Additionally, `City` with `Hour` without events on that day should be included but should have a 0 for `countoccur`.

*    Columns
    *    `City`
    *    `createdHour`
    *    `countoccur`: the count of events. **REMEMBER: This should be 0 if there aren't any events for that city/hour**


*    Exclude NULL cities i.e. `WHERE city IS NOT NULL`


*    Sort
    *   `City` in ascending order
    *   `createdHour` in ascending order

**Pseudocode:**

*    Need to find the biggest day. This is query `b` below.

*    Need to get all the hours that occur on the biggest day. This is query `c` below.

*    Need to get all the cities/hour combinations possible for the biggest day. This is query `aa` below.

*    Need to get the counts for each city/hour on the biggest day, This is query `bb` below.

*    Need to join query `aa` with qery `bb` to retain all of query `aa`. This is this overall query, `a`.

*    produce `SELECT` statement

*    `GROUP BY`
*    `ORDER BY`

### Note that there are 5 distinct queries/subqueries:

a.  The base `data` table, or the main table in the query.

b.  Gets the date with the most events. This subquery is written and executed in multiple places.

c.  Gets the distinct hours on the date with the most events. Depends on the date in `b`.

aa.  Gets a distinct list of city/createdhour for the date with the most events. Depends on the date in `b`.

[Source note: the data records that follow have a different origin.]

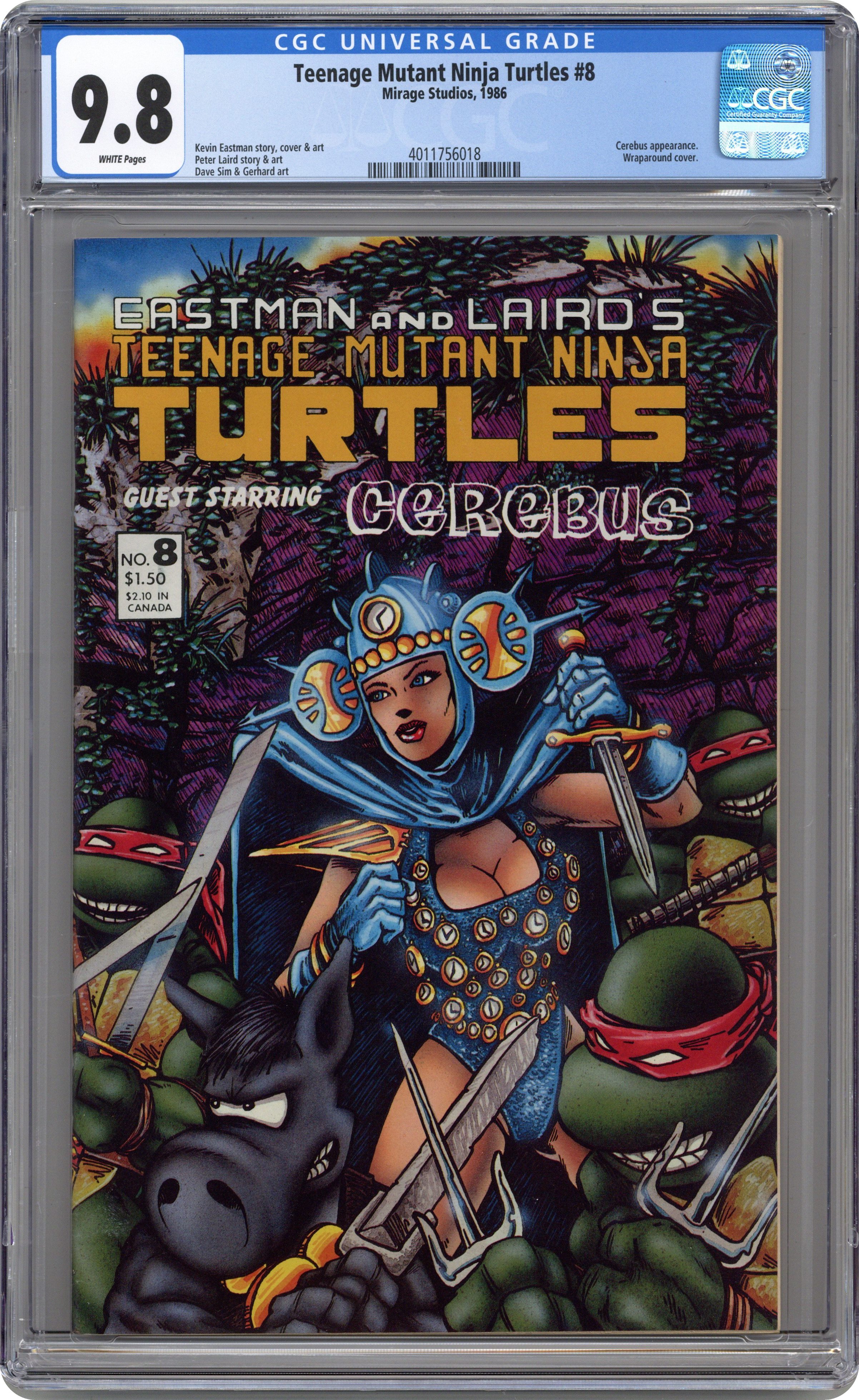 The original series that introduced the Turtles to the world. An errant time traveler accidentally sends the Turtles and herself through time, where they meet Dave Sims Cerebus the Aardvark. Story, art and cover by Dave Sim, Kevin Eastman & Peter Laird; backgrounds by Gerhard. Black and white; 32 pages. Cover price $1.50. Grade: CGC 9.8 explanation of grade Condition: Used (collectible)
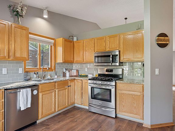 Spacious four-level home in the Pinewood Estate neighborhood! Vaulted main level with high ceilings and flowing floorplan. Bright entryway with coat closet and garage access. Modern kitchen with quartz countertops, oak cabinets, stainless steel appliances, tile backsplash, a bay window and amazing natural light. Open dining room with a sliding glass door to the side deck for easy entertaining and lovely outdoor meals. Cozy living room with peaceful backyard views. The upper level offers three bedrooms on the same level. You’ll love the primary suite with its private ¾ bathroom and double closet. Two more adorable bedrooms and a full bathroom complete the upper level. The lower level includes a large family room with gas fireplace and built-in bookshelves and a half bathroom. In the basement, you’ll find a finished home office that could become a fourth bedroom with the addition of an egress window. The unfinished laundry room includes storage shelving and new mechanicals (Furnace, A/C, and water heater replaced in 2023). The attached, heated, and insulated three car garage is sure to improve your winter. And the Wi-Fi controlled irrigation system will make your summers a breeze. Plus, the fully fenced backyard with wooded land behind will be your new favorite spot! Great location with shopping, dining, schools, and many neighborhood amenities within a five minute drive or less. Plus Sunshine Park is just a few doors down!
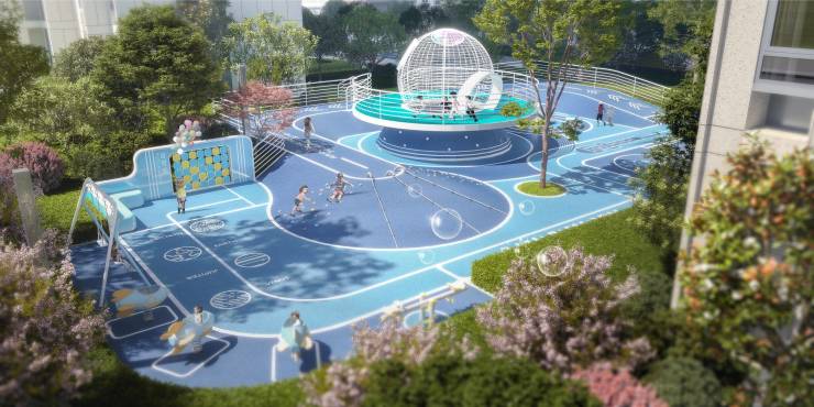 3.全龄活动空间,星空主题儿童空间、活力慢跑步道等针对不同年龄的活动场所。
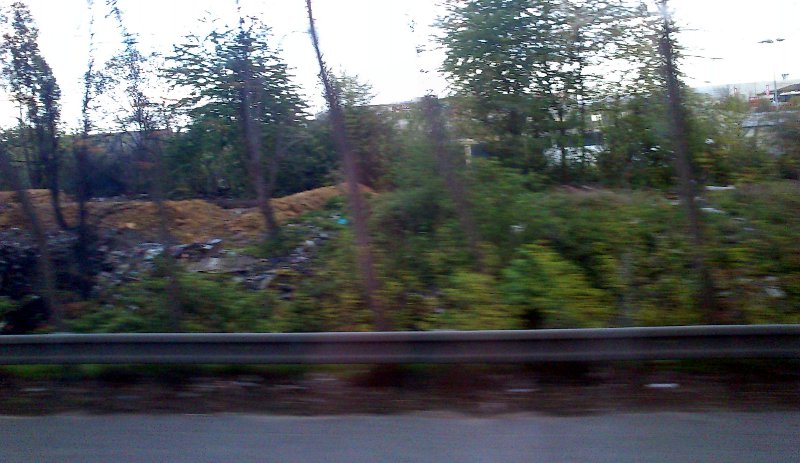 Auf meinem Arbeitsweg fuhr ich täglich an zwei solchen Lagern vorbei, die direkt an der Autobahn liegen. Es gehört für mich schon zum Alltag, dass es direkt in meiner Umgebung Menschen gibt, die so leben. Vor ein paar Wochen wurde eines dieser Lager geräumt. Für den vorbeirollenden Verkehr war das ein Spektakel. Durch Schaulustige wurde der Verkehr verlangsamt. Die ehemaligen Einwohner des Lagers standen daneben und haben zugesehen, wie schweres Baugerät ihre Habseligkeiten zermalmte. Die Reste habe ich versucht, mit meiner Handykamera an einem der nächsten Tage aus einem schnell fahrenden Bus zu fotografieren.

bb.  Gets the number of events for city/hour. SAME AS INNER JOIN EXAMPLE ABOVE. Depends on the date in `b`.

In [None]:
def left_join_example():

    # display the list of cities
    query_left_join = '''
                SELECT aa.city
                        ,aa.createdhour
                        ,COALESCE(bb.countoccur,0) countoccur

                FROM ( --this gets a distinct list of city/createdhour for the date with the most events
                          SELECT DISTINCT a.city,c.createdhour
                          FROM data a
                          INNER JOIN 
                              ( --this join gets the date with the most events
                                SELECT strftime('%Y-%m-%d',CreatedDate) createdymd
                                        ,count(*) totalymd
                                FROM data
                                GROUP BY 1
                                ORDER BY 2 DESC
                                LIMIT 1
                              ) b on strftime('%Y-%m-%d',a.CreatedDate)=b.createdymd
                  
                          LEFT JOIN 
                                      ( --this join gets the distinct hours on the date with the most events
                                        SELECT distinct strftime('%Y-%m-%d',CreatedDate) createdymd
                                                        ,strftime('%H',CreatedDate) createdhour
                                        FROM data

                                      ) c on strftime('%Y-%m-%d',a.CreatedDate)=c.createdymd
                          WHERE a.city IS NOT NULL
                        ) aa

                    LEFT JOIN ( --this join gets the number of events for city/hour. SAME AS JOIN EXAMPLE ABOVE
                                  SELECT a.city
                                          ,strftime('%H',CreatedDate) createdhour
                                          ,count(*) countoccur
                                  FROM data a
                                  INNER JOIN ( --this join gets the date with the most events
                                                SELECT strftime('%Y-%m-%d',CreatedDate) createdymd
                                                        ,count(*) totalymd
                                                FROM data
                                                GROUP BY 1
                                                ORDER BY 2 DESC
                                                LIMIT 1
                                              ) b on strftime('%Y-%m-%d',a.CreatedDate)=b.createdymd
                                  WHERE a.city IS NOT NULL
                                  GROUP BY 1,2
                               ) bb 
                ON aa.city = bb.city 
                AND aa.createdhour = bb.createdhour

                ORDER BY 1,2
                '''
    return query_left_join

df_left_join_example = pd.read_sql(left_join_example(),conn_nyc)
display(df_left_join_example)

## What questions do you have on subqueries?